Aim of the exercise:
Take the records below and set down exactly the lines from the one with "В состав BorderManager" to the one with "こんばんは😊 今日は中秋の名月ですね🎑 残念ながら宮崎では見られそうもないです😭", ends included; do not copy the pictures.

Extracted data:
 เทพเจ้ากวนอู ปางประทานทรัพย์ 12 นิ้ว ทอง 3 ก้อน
* * *
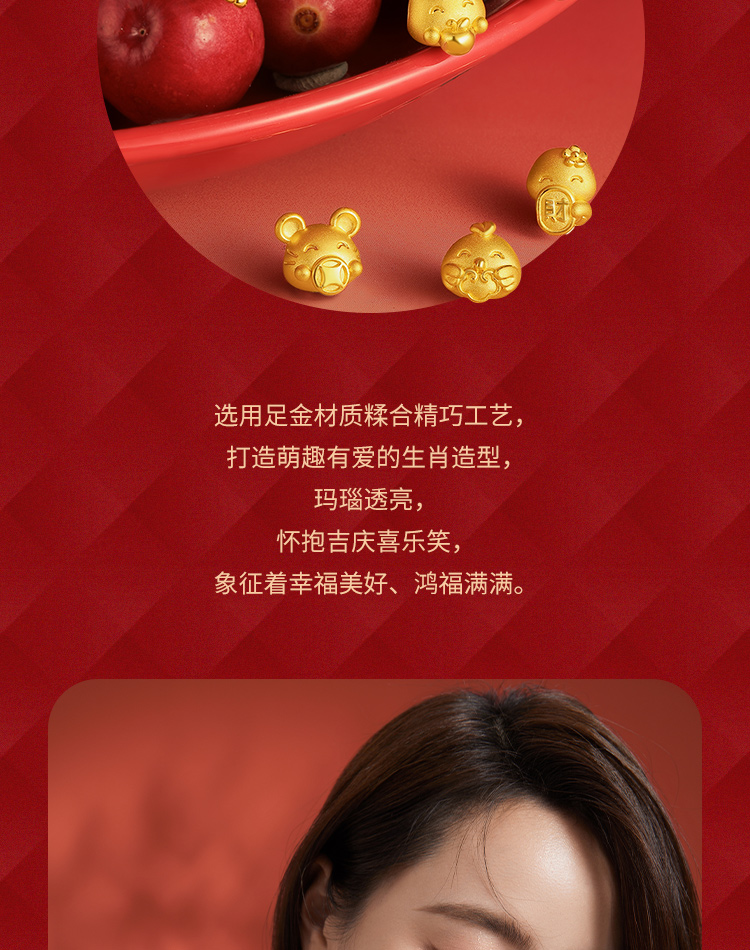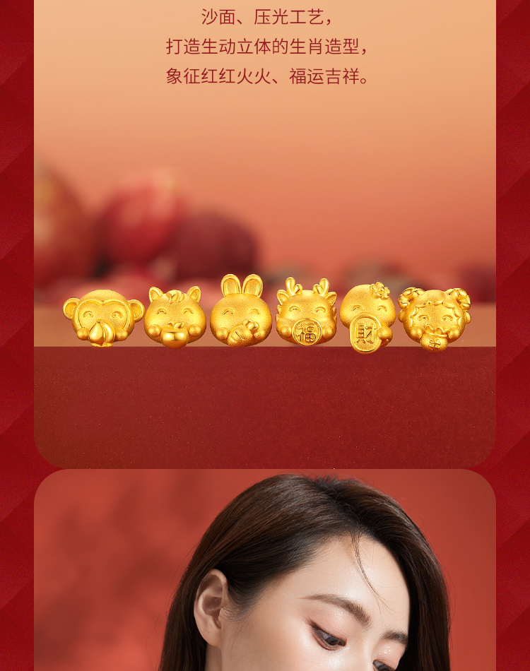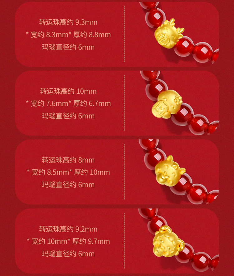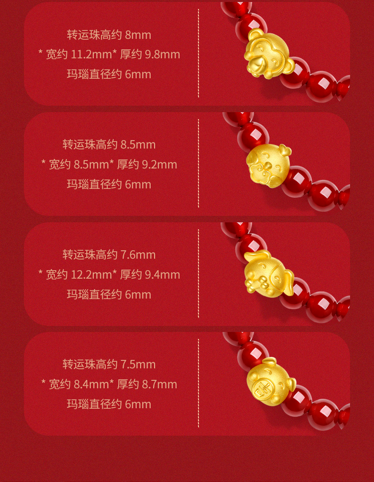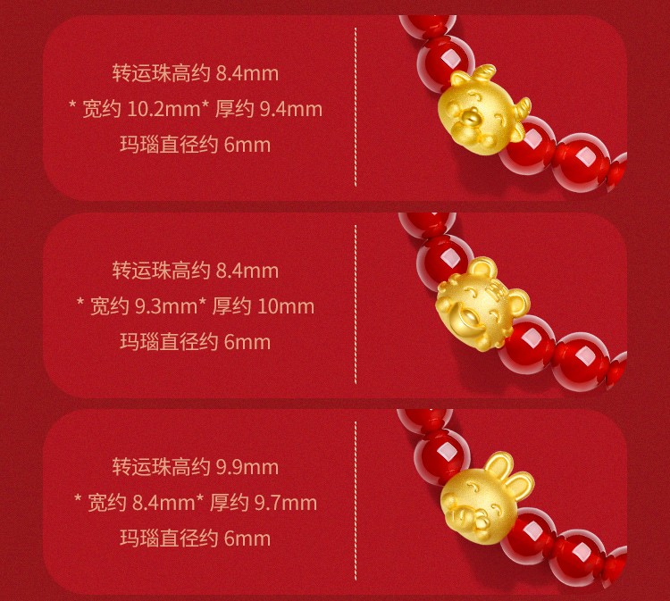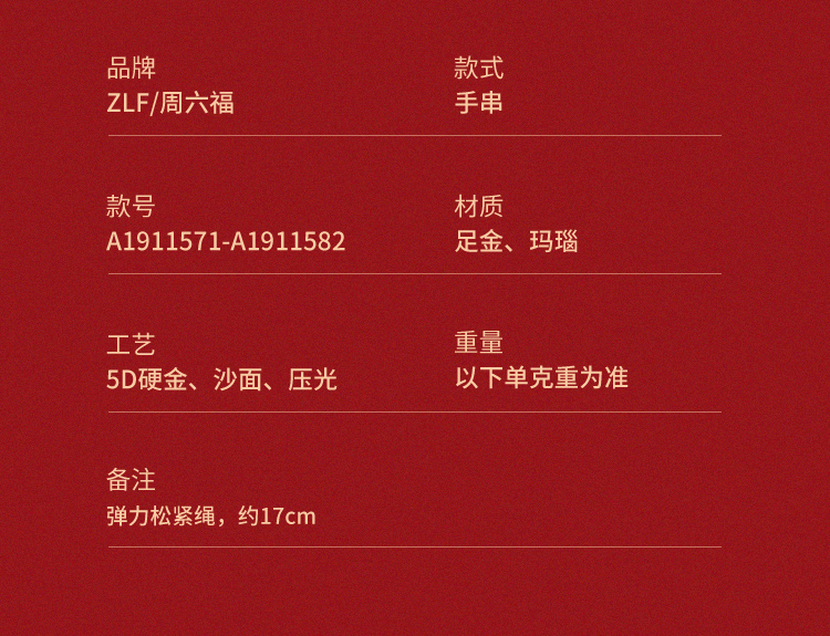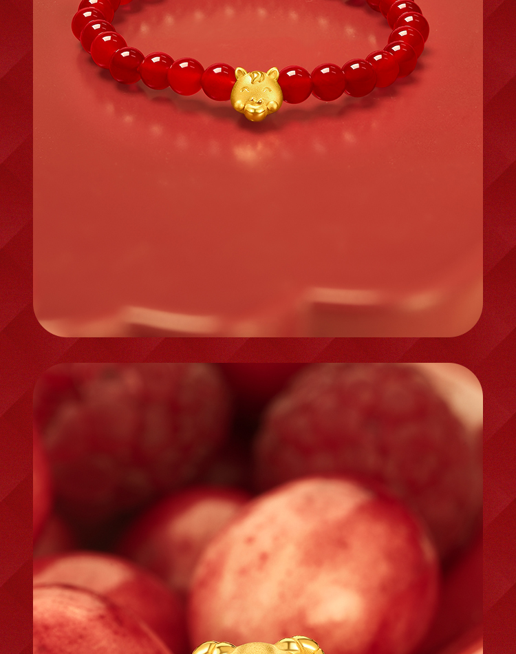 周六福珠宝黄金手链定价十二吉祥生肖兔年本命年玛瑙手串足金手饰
--
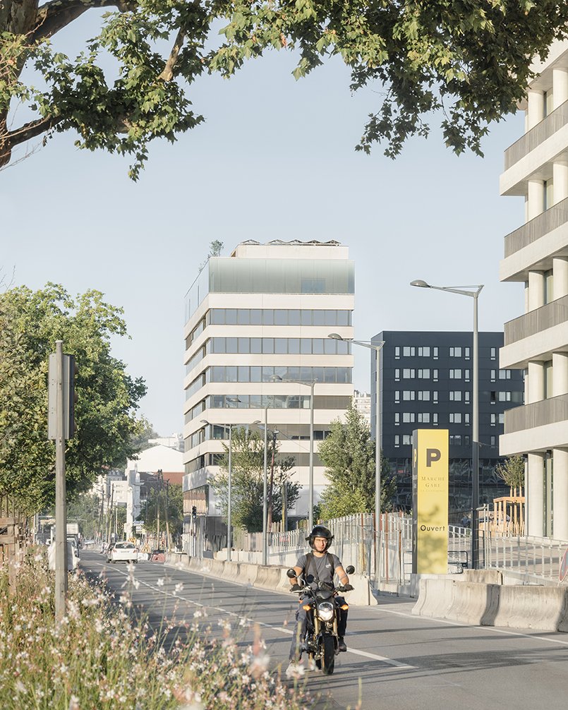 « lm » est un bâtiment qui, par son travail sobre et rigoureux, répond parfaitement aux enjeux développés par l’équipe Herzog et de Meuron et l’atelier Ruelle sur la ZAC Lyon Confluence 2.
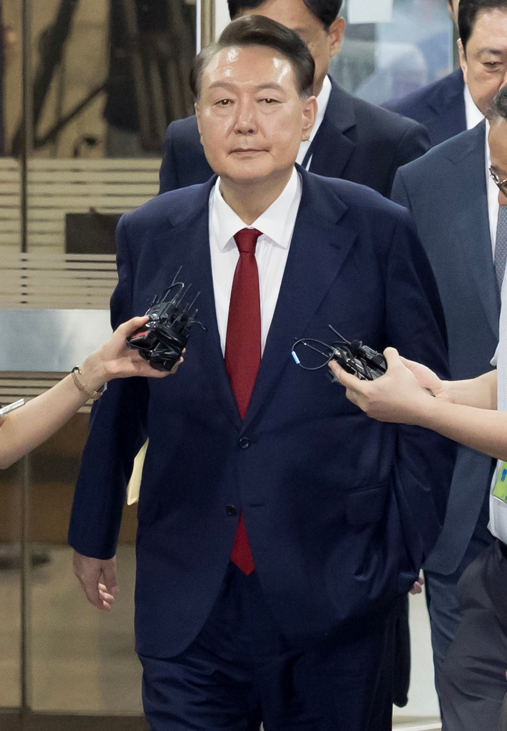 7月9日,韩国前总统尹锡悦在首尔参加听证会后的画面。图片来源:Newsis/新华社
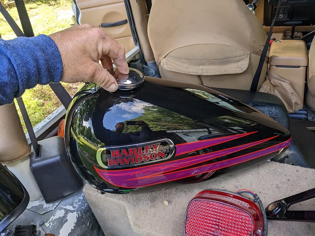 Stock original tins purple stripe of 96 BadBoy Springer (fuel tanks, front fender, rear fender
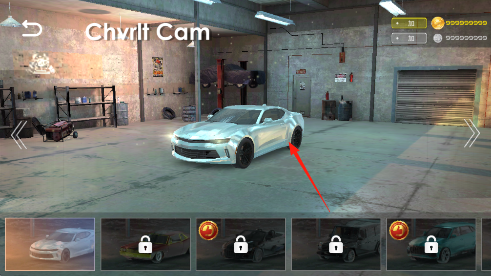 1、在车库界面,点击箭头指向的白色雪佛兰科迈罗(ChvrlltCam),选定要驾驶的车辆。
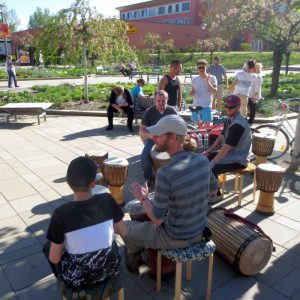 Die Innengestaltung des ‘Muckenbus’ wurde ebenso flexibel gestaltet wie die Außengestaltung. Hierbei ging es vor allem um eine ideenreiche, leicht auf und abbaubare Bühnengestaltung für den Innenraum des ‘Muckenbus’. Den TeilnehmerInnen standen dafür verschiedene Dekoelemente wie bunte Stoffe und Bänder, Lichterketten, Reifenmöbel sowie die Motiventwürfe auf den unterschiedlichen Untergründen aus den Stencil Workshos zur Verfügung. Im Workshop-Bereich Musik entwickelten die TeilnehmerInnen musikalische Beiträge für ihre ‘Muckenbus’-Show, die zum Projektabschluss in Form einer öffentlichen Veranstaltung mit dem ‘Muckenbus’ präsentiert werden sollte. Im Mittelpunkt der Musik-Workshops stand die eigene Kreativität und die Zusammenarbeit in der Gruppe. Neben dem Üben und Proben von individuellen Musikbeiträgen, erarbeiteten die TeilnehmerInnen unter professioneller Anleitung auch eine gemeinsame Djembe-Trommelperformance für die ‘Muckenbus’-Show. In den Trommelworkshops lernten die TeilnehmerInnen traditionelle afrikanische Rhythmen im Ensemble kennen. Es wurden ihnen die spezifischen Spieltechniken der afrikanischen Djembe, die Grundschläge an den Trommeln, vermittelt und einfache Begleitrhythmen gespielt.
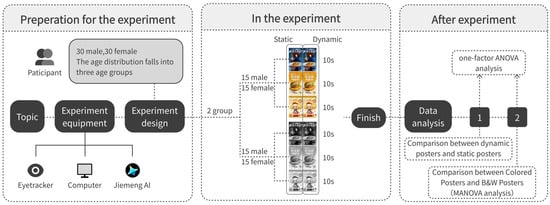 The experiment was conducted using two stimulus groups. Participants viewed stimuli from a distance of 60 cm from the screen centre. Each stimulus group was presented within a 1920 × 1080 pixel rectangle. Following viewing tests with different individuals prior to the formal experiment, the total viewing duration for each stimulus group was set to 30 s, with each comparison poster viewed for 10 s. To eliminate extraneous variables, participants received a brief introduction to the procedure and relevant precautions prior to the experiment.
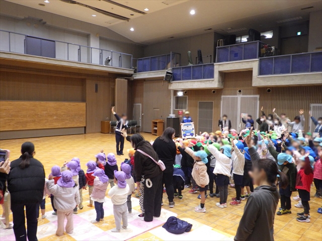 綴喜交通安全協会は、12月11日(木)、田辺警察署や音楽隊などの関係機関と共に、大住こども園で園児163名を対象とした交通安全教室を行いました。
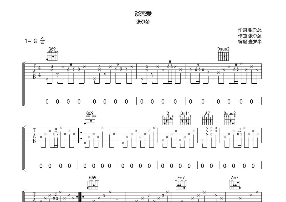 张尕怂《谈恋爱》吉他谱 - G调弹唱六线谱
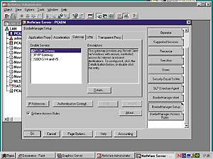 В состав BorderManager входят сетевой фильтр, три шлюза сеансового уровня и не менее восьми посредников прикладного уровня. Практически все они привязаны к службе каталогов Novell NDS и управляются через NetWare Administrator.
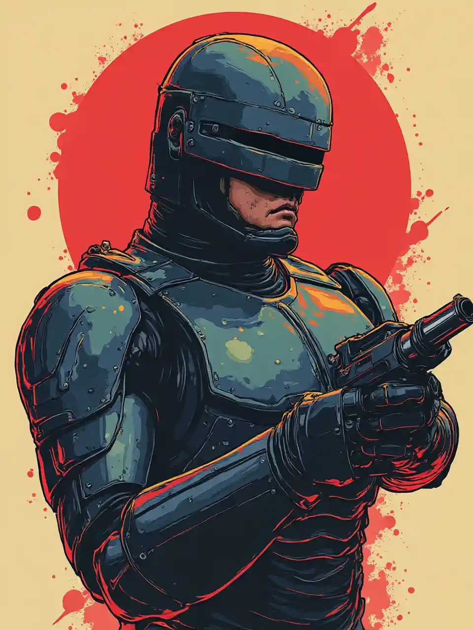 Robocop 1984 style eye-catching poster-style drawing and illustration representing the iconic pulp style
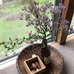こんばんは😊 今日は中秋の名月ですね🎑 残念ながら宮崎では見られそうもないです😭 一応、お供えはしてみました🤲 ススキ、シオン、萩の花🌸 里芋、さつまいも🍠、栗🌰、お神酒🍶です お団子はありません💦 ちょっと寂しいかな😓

Task answer:
 В состав BorderManager входят сетевой фильтр, три шлюза сеансового уровня и не менее восьми посредников прикладного уровня. Практически все они привязаны к службе каталогов Novell NDS и управляются через NetWare Administrator.
 Robocop 1984 style eye-catching poster-style drawing and illustration representing the iconic pulp style
こんばんは😊 今日は中秋の名月ですね🎑 残念ながら宮崎では見られそうもないです😭 一応、お供えはしてみました🤲 ススキ、シオン、萩の花🌸 里芋、さつまいも🍠、栗🌰、お神酒🍶です お団子はありません💦 ちょっと寂しいかな😓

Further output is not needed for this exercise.